Но ваша встреча от этого не менее необычна, и ты, наверное, сам заметил, в тот момент, когда был готов изгнать его из своей жизни, что ваши судьбы переплелись. В рукописи ты постоянно говоришь от первого лица, но осмелился ли бы ты утверждать, что это Я принадлежит лично тебе, что оно не взросло на другой почве, не было привито к другому дереву, между прошлым, которое ты частично у него позаимствовал, и настоящим, которое всегда от тебя ускользало?

Определенным образом, это Я — не ты, или это ты, но лишь в странной соотнесенности с судьбой Атарассо. Однако это Я вынудило тебя ненадолго осесть на берегу и выплыть из вечно уносившего тебя течения. Тебе потребовался этот вожатый, чтобы увидеть, которое же из многочисленных отражений тебя самого, в совокупности образующих контур личности, действующей только себе во вред и преследующей единственную цель — антитворение, принадлежит лично тебе.

Тебе потребовалась эта встреча и огромный сторожевой пес, уснувший перед входом в лабиринт, чтобы придать тебе мужества и любопытства проникнуть туда. Ты спустил пса с цепи, и с тех пор он стал твоим стражем, а тебе оставалось только следовать за ним. Он открывал тебе дороги, по которым ты никогда не посмел бы пойти. Глубокая тишина была вашим спутником на аллеях этого сада, уставленных статуями и сфинксами. Ты растворялся в приключении, которым не мог управлять. Ты становился тем другим, и твоя кровь текла в его жилах. Однако в тебя проникала его сила, его гений, его успех, его огромное знание, — в тебя, погрязшего в бессмыслице, притворстве, нелепом маскараде, тоске и нежелании признавать себя самого в любом своем жесте, в любом своем решении. И поскольку он никогда не менялся, не колебался в выборе своего пути, он не давал тебе увернуться от работы. Впервые она давалась тебе легко, под диктовку. Ты творил тем радостнее, что не чувствовал себя отцом своего творения. Твои богатства, взятые под залог головы другого, казались неисчерпаемыми. Тем временем ты становился собственным демиургом, еще не замечая, что связывает тебя с этим безрассудным творчеством. И наверное, ты был счастливым — счастливым, как никогда раньше. Более бездумным, казалось тебе, чем в любом из твоих предыдущих предприятий, родившихся из порочного чувства бесполезности и служивших стиранию твоей личности. Ты всегда видел в Андреасе Итало свою полную противоположность: у тебя было впечатление, что ты вычерчиваешь в его ладони свой пустой контур.

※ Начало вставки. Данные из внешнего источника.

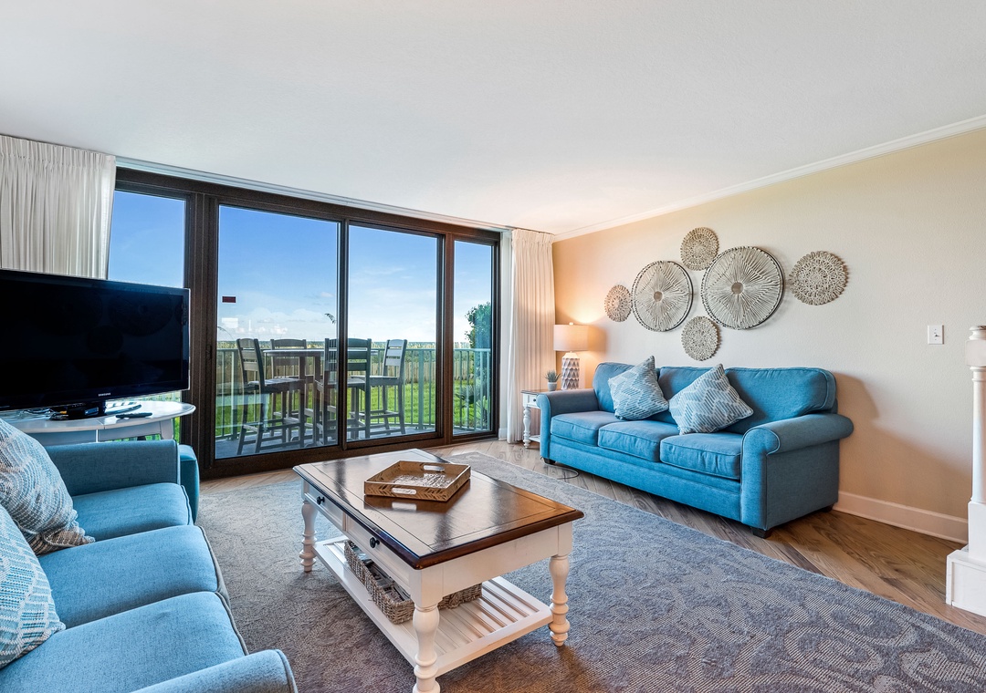 Indulge in a slice of paradise at this stunning 3-bedroom, 3.5-bath unit at Perdido Towers Resort in Perdido Key, Florida. Located along a pristine stretch of the Gulf Coast, this spacious ground-floor condo offers a 2-story layout with modern updates and conveniences. Relax in the living area, featuring cozy furnishings, a large flat-screen TV, and direct access to the beachfront patio. Step onto your private terrace and take in the breathtaking Gulf views while enjoying the peaceful sounds of the ocean, all from the comfort of your seaside retreat.
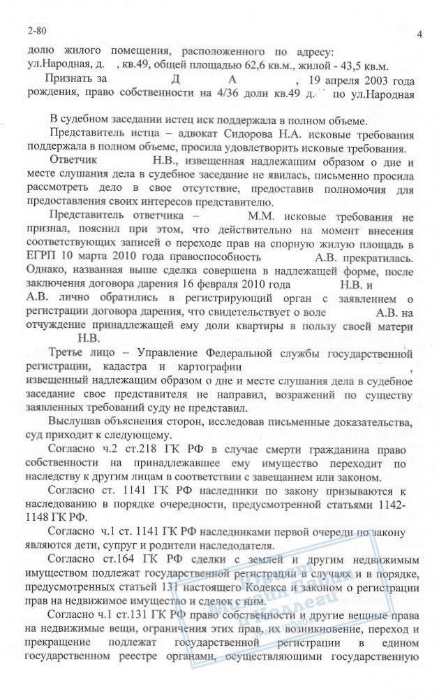 Договор между умершим и его матерью Н.В. о дарении его доли в квартире истица требовала признать незаключенным. Интересы ответчика Н.В. представлял руководитель компании, который исковые требования не признал.
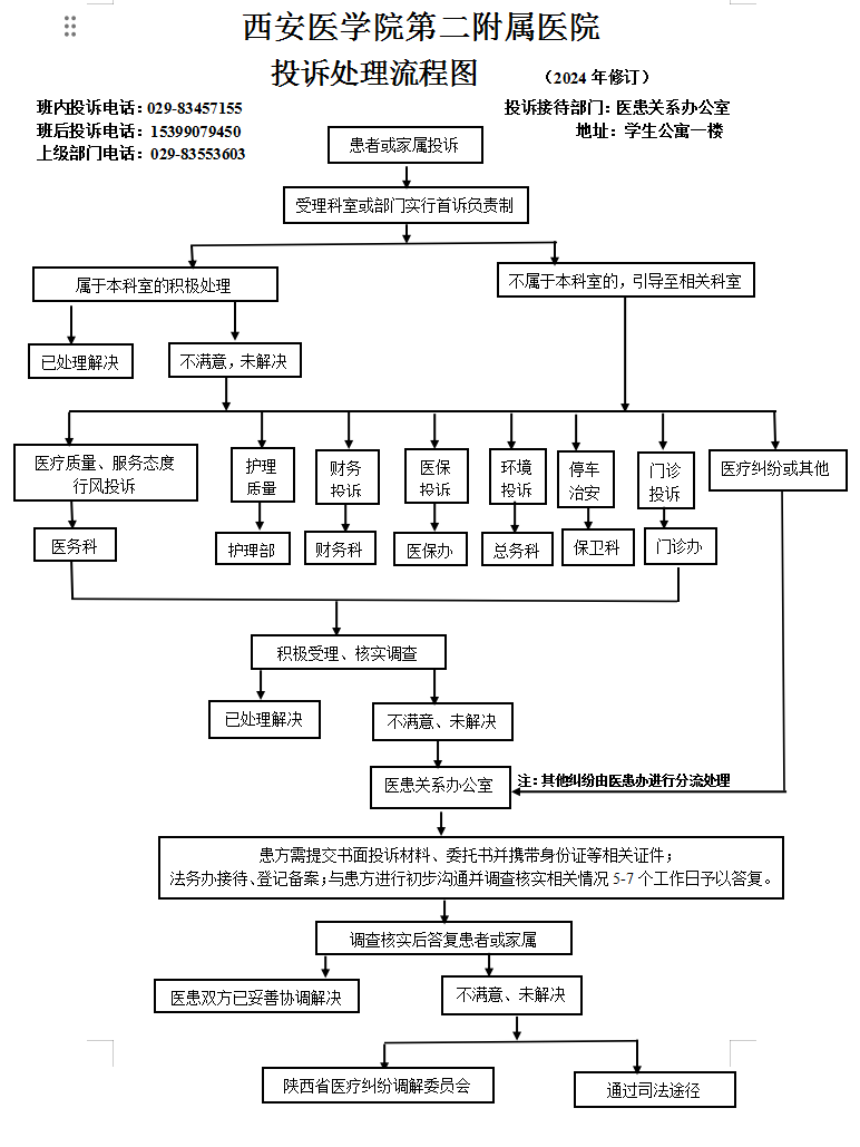 西安医学院第二附属医院投诉处理流程图
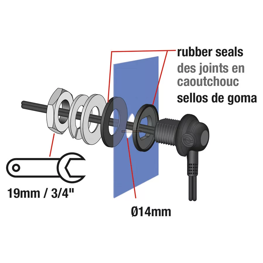 A csatlakozó illeszkedik a legtöbb tankzsákon található Ø14mm-es lyukhoz - Egyedi tömítés a KÖRÖS és OVÁLIS áramellátási bejáratokhoz.

«Ты пепел, и я сгорю на этом костре…»

Я выхватываю эту фразу в начале любопытного отрывка о Матерях (космических, естественно!) — одного из тех, которым комментаторы обычно уделяют много внимания. Сандра, cendre (пепел)! Быть не может, чтобы такая игра слов родилась случайно! Пепел — именно это имя ты ей дал, и может быть, в первый же раз, когда держал ее в объятиях. Потому что пепел легкий, теплый и мягкий на ощупь, его уносит ветер, кружащий утром голубей вокруг колокольни, и потому что тебе оставался только неуловимый и истерзанный аромат, похожий на запах огня, тлевшего всю ночь на ложе из диких фиалок, а теперь окончательно угасшего под осенней изморосью.

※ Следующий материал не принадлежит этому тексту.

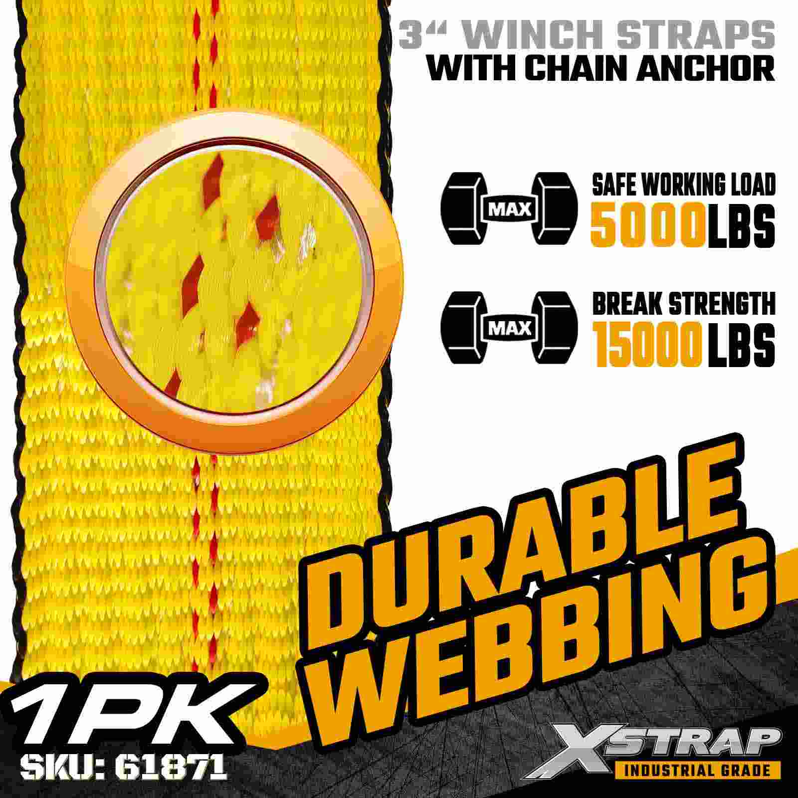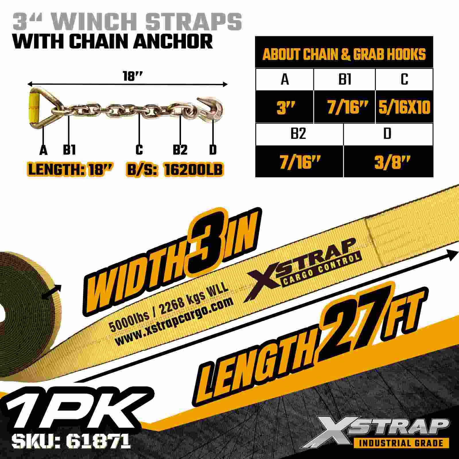 Az Xstrap 61871 3" × 27 láb méretű, szabványos csörlőszíjat nagy teherbírású rakományrögzítésre tervezték platós pótkocsikon. A kovácsolt lánchorgony és az extraszéles, 3 hüvelykes poliészter heveder, ez a 3 hüvelykes csörlőszíj 5000 lbs-t és 0,000 lb-t tesz ki. Olyan igényes ipari alkalmazásokhoz tervezték, ahol maximális tartószilárdság és stabilitás szükséges.

Пускай с этими словами ты обращаешься к Земле, первичной материи (помнишь, у Лотреамона: «Приветствую тебя, о Старый Океан!»?), разве можно не заметить вещего знака за легким изменением звучания? Впрочем, все женские образы, встреченные на протяжении твоего внутреннего путешествия, по сути — одна и та же фигура, вещая и загадочная.

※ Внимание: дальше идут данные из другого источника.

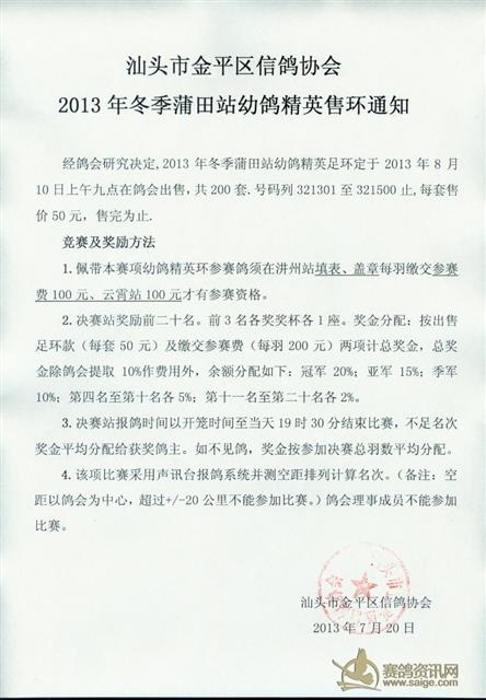 汕头市金平区信鸽协会2013年冬季350精英赛售环通知
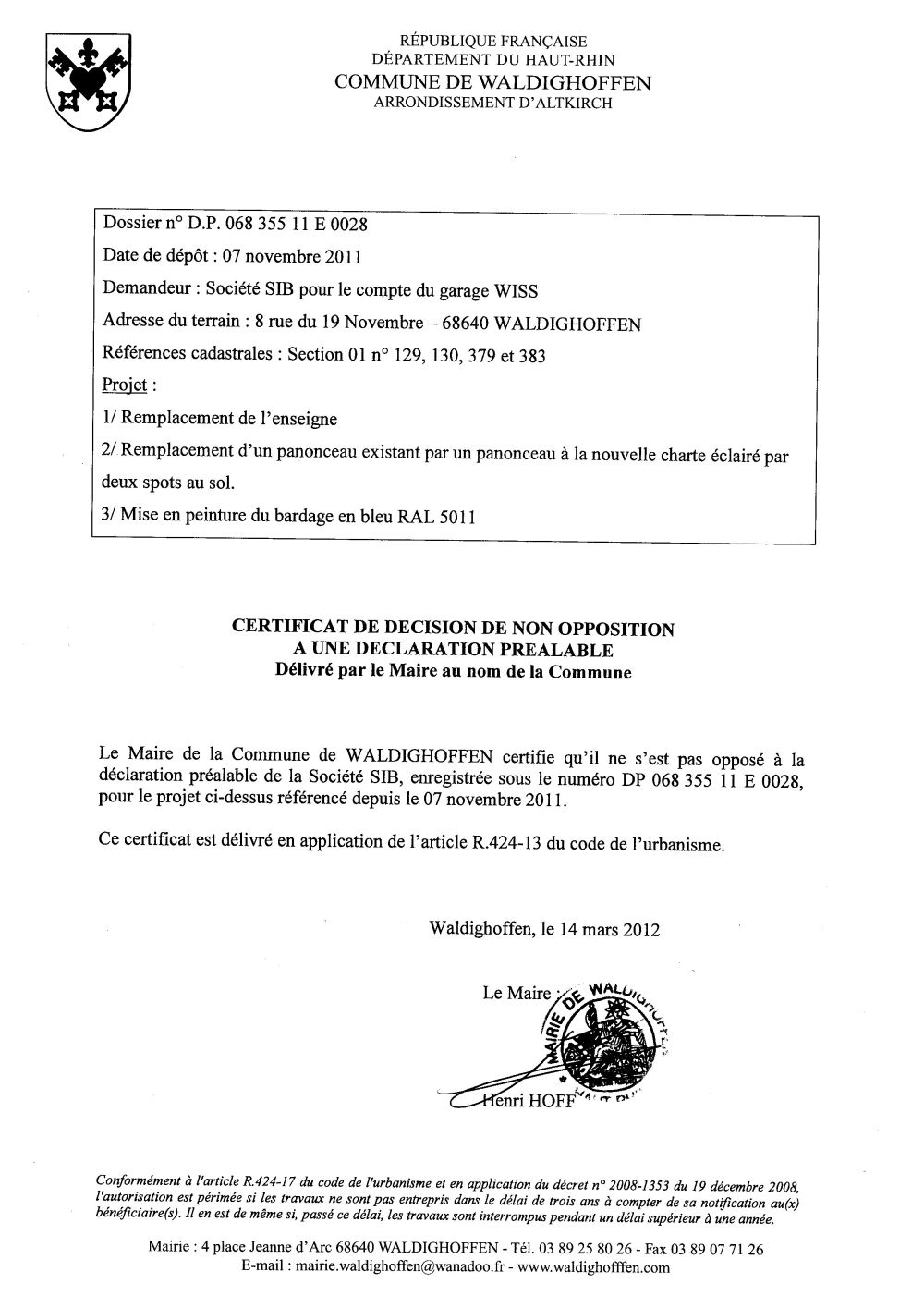 Avis de non opposition à la déclaration préalable de la Société SIB pour le compte du garage WISS.

Я вижу ту же перемену в твоем отношении к этой личности, стремление увидеть в ней иные черты, нежели те, какими наделяли ее твой гнев и твоя досада в послеоперационный период возбуждения и бреда. За образом девушки, посмеявшейся над тобой, вставал другой: образ закутанной в покрывало женщины, подносящей к лицу светильник, зажатый в ладонях. Спутал ли ты ее с прозрачной фигурой вестницы, выступающей из темноты, на полотне какого-нибудь художника, мастера света, или с изображением из Виллы Таинств?[75]

Внешний облик менялся, открывая наряду с «хищницей» посредницу, рядом с Цирцеей, усыпившей твои защитные инстинкты, Сивиллу, «но более далекую», как ты говорил, «киммерийку, о какой обычно не помнят художники». Почти на каждой странице описания твоего сказочного зверинца, твоей прогулки по стране сновидений, встречается эта мифологическая терминология, чередование двух ликов, один из которых возбуждает твой гнев, а другой странно символичен. Как в текстах пророчеств, в которых тебе нравится смешивать знаки и символы, Сандра становилась «хозяйкой замка», «проводницей», таинственной «трактирщицей Сидури», той, что говорит герою Гильгамешу:[76] «Куда ты спешишь, Гильгамеш? Ты не найдешь жизни, за которой гонишься. Когда боги создали человечество, они даровали тебе смерть. Жизнь же оставили себе».

Под нагромождением былинных сюжетов постоянно проступает пережитая тобой история. Так, говоря о киммерийцах, «жителях Вечной Ночи», ты внезапно задаешь себе вопрос: «Не из их ли я племени?»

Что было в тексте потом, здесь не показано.